To give a brief background to this deck before I got into details however, I shall say that its purpose, other than to be a deck for people to read with, is to help people, both men and women, regain the feminine healing energy that many people in the West are brought up to neglect nowadays. The creator takes pains to reassure that this deck is not specifically aimed at women only, despite its name, which came about due to the idea of the feminine healing energies that we are trying to reclaim.

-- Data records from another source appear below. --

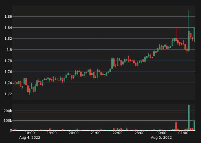 #BANDUSDT Bull Alert! 10X Volume Price: 1.838 5-min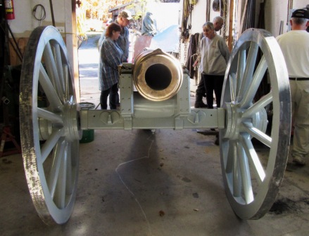 Obusiers de fonte de 24 livres. Il est identique au premier décrit, sauf en ce qui concerne le chiffre « 45 » sur le tourillon droit, et le poids indiqué sur l’affût, indiqué par les chiffres 15-0-26. Ce dernier doit donc peser 1706 livres, soit un peu plus que son voisin de droit. N ° 2 sur 2 devant le mess des officiers.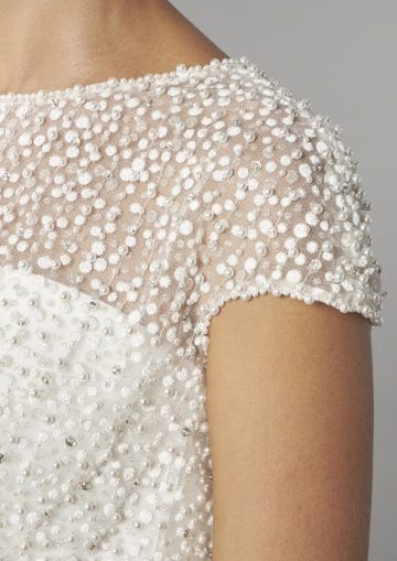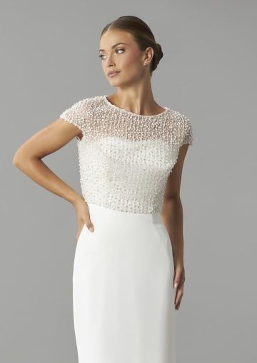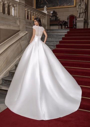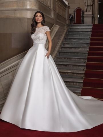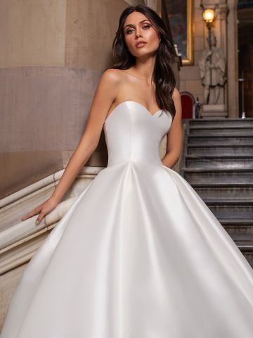 Tyto princeznovské minimalistické svatební šaty Pronovias CLOSE z luxusního mikada připomínají zlatý věk vintage couture s výstřihem ve tvaru srdce, který zvýrazňuje dekolt, a staženým pasem. Na obřad je zkombinujte s ozdobným bolerkem hustě vyšívaným perlami a kamínky a na začátku večírku odhalte ramena.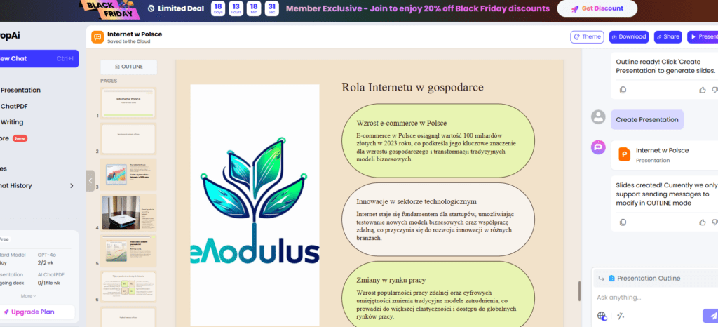 Tworzenie prezentacji jest zdecydowanie wolniejsze, niż u konkurencji, jednak nadal dużo szybsze, niż robienie jej samodzielnie. Jeśli chodzi o jakość, jest dobrze, choć prezentacje wymagają drobnych poprawek pod względem merytoryki. Podoba mi się to, że edytując prezentację, mamy stały dostęp do czatu AI, który może wprowadzać zmiany według naszych upodobań.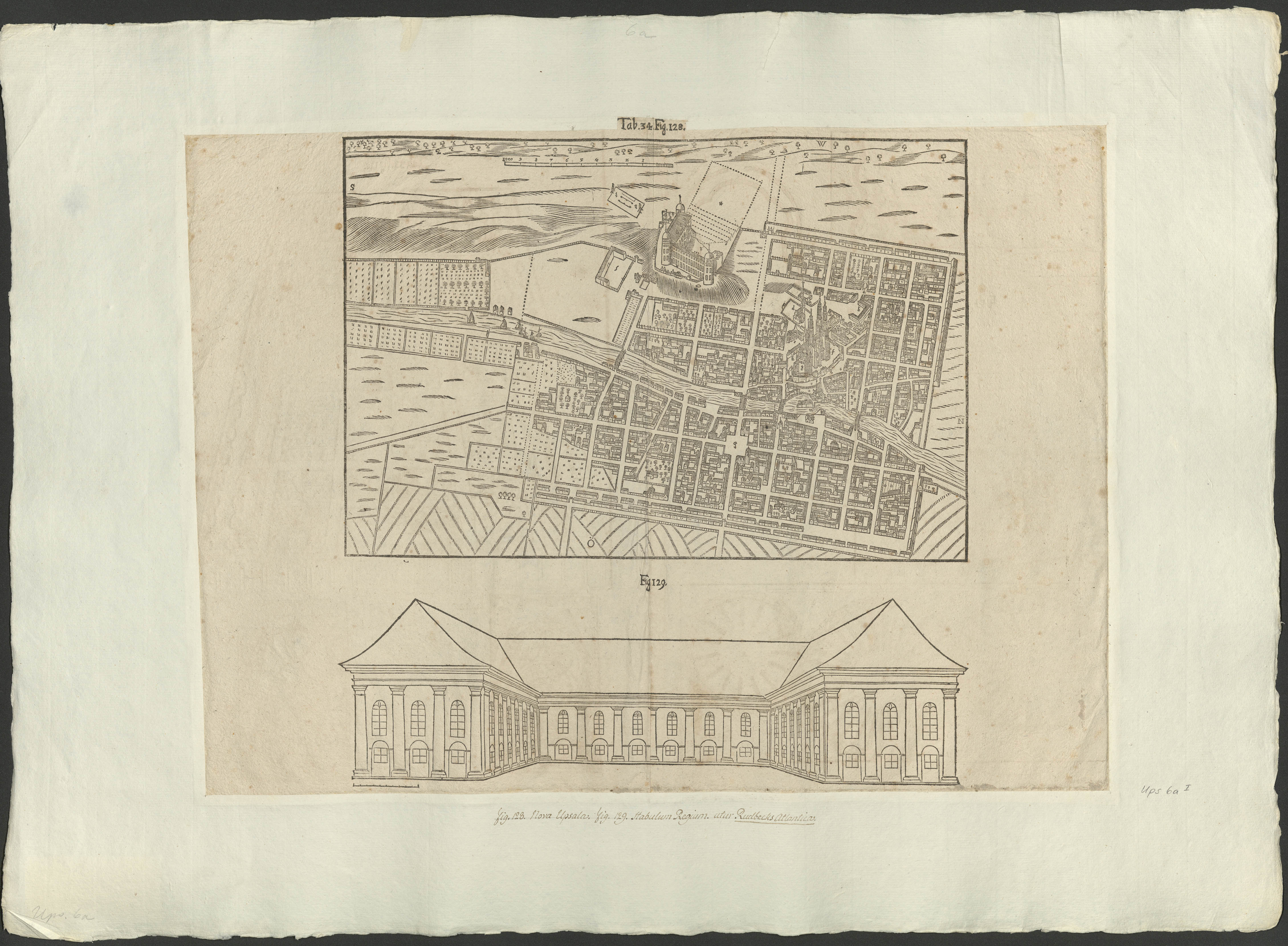 Beskrivning: 1 grafiskt bl. : Stadsplan för Uppsala. Byggnaderna i fågelperspektiv. Ungefärlig skala 1:7000. därunder arkitekturritning av Kungliga stallet.

It becomes apparent after sifting through this deck a couple of times that the images a figures within them are primarily female, and indeed three of the four suits have women as their 'main characters'. However, this should not be misinterpreted as feminist overtones: As mentioned above, this deck is aimed at both men and women, and includes both men and women in its purpose. The images also show tribal settings, but this is not based around a specific tribal culture: Something that surprised me when I received the deck, as I was expecting it to focus on the Native American culture. This deck has focused largely on what the creator calls "tribes of the future", where humanity has blended what can be learned from the past cultures. It shows some tribal scenes which are quite modern: the people in it are wearing modern clothes for instance, and some which are not modern, where perhaps the character is a Shaman, kneeling in his circle with his tools in front of him. It is certainly a refreshing and interesting blend, and one that distinguishes this deck from most others of the same theme.
Overall, this deck is easy to use once it has been explored, and has artwork which I personally find very open, honest, and attractive. The new titles for the Majors offers the reader of this deck a whole new way of looking at the cards, and the stories played out within the Minors are a beautiful way to craft their meanings. A beautiful deck, and one that I'm sure many will benefit from.